Source: Xinhua

04-21-2008 16:08

By Ashis Chakrabarti, The Telegraph, India

"Go tell the world that we want investment to come and we offer them all facilities. Our party will do everything for development." Familiar stuff for someone from Buddhiadeb Bhattacharjee's Bengal.

The scene is in the remote corner of eastern Tibet, some 400 km from Lhasa. For hundreds of centuries, Nyingchi has lived in its splendid isolation, its earth watered by Yarlung Zangbu-Tibet's largest river, which becomes the Brahmaputra when it flows into India-and surrounded by three ranges of snow-capped mountains, the highest of the peaks rising to 7,780 meters. But all that matters now for its people is development-and that at a great speed.

Baimalang Jie, the general secretary of the Chinese Communist Party's unit in the Nyingchi prefecture, said that to his comrades at the party meeting. The picturesque town has a few billboards put up for the party meeting, but only the development agenda rings loud and clear.

"We want the party cadre as well as the people to be rich," he says. Even for this far corner of China, Deng Xiaoping's dictum-"to get rich is glorious"-has captured the party's-and the people's-imagination.

And to get rich quickly, the prefecture government and the party are following policies that are not very different from what Bhattacharjee has been trying in Calcutta.

In 2003, the local government adopted two new policies to develop the prefecture's economy. It opened up the place to foreign investment and to private investment.

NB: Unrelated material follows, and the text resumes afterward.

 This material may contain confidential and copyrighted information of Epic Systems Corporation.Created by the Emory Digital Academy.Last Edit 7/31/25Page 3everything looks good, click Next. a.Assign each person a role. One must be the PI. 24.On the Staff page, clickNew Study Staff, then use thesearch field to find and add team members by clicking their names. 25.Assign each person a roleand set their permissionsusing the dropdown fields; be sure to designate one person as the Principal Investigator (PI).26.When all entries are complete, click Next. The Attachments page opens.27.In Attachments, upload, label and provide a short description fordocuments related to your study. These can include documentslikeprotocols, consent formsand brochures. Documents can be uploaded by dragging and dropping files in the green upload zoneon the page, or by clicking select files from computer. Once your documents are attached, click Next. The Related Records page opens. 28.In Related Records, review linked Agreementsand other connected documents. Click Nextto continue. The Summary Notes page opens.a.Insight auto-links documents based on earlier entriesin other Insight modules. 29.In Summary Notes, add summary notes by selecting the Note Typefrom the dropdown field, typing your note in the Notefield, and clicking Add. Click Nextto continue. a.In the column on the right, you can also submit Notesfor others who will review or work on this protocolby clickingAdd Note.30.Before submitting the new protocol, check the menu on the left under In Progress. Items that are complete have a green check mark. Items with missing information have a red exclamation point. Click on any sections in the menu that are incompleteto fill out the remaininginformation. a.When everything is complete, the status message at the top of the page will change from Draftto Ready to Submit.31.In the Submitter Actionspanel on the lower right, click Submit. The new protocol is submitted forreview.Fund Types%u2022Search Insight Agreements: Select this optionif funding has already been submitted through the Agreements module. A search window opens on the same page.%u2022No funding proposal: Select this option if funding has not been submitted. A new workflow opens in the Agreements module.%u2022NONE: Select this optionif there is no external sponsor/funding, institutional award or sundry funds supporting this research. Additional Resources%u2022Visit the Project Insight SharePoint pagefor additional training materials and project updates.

But Nyingchi's development drive had begun earlier, prompted by the guidelines of the Chinese Community Party's third working group on Tibet in 1994. "Today, we have the highest per capita income among the six prefectures in Tibet. Our GDP growth last year was 17 percent," Jie smiles.

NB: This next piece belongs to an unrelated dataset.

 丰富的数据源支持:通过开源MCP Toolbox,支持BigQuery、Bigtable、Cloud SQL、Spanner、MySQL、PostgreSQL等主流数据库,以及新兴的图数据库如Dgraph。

And for an area where transportation has meant horse-rides and walks across mountains for centuries, it now has 3,276 km of asphalted road. That has made it possible for Nyingchi to make 73 million yuan from tourism.

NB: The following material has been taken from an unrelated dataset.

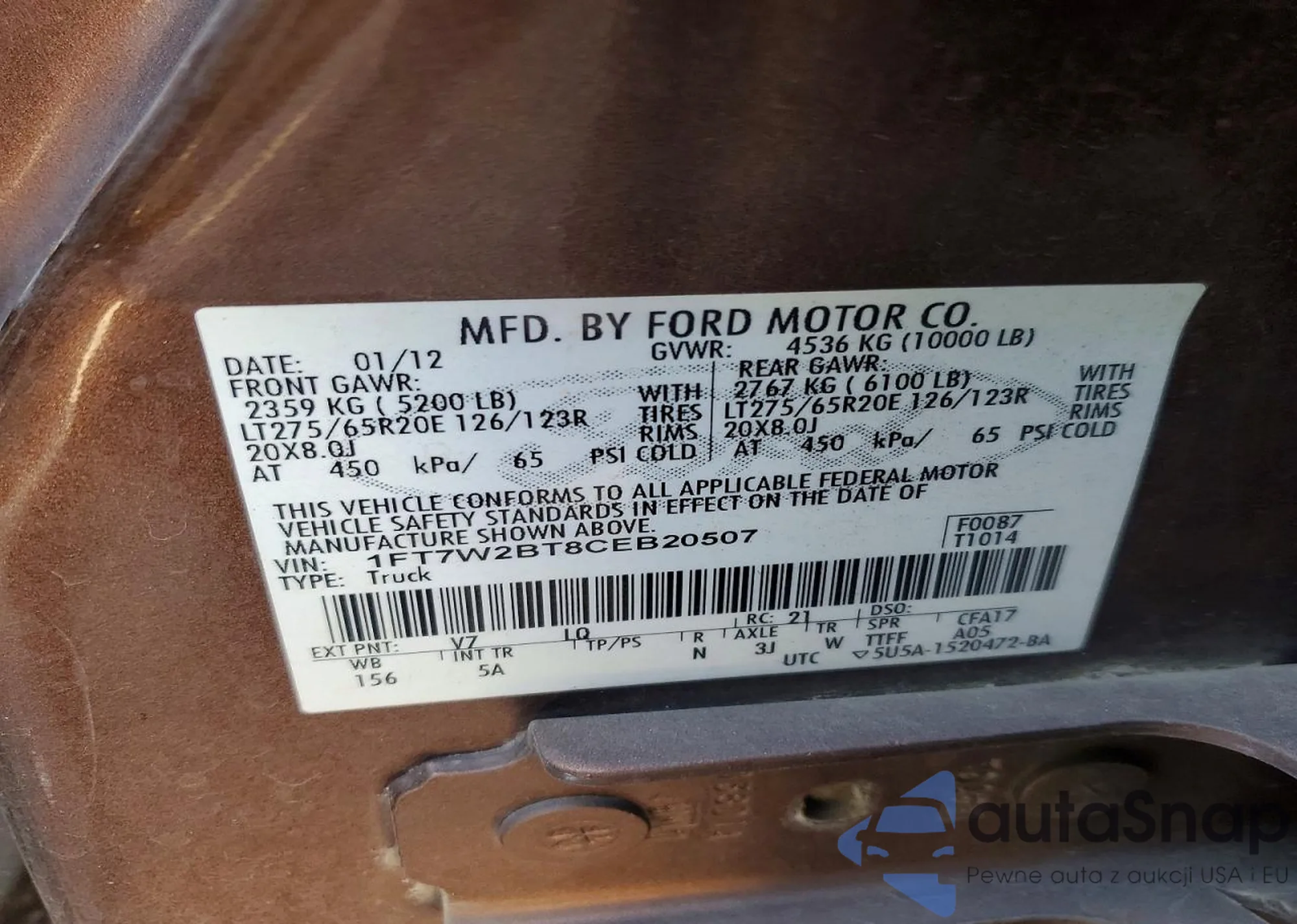 • VIN: 1FT7W2BT8CEB20507

The party's development message seems to have been taken seriously by comrades even in villages, where private enterprises and making money set the political rules.

Gongzhong on the outskirts of Nyingchi town has thus become a model village. All its 21 households have telephones, which they put to all kinds of commercial use.

And the success story of the village has reached far and wide. The result is that most of the tourists who came here make it a point to visit the village. And last year, the village raised 80,000 yuan from the tickets for tourists.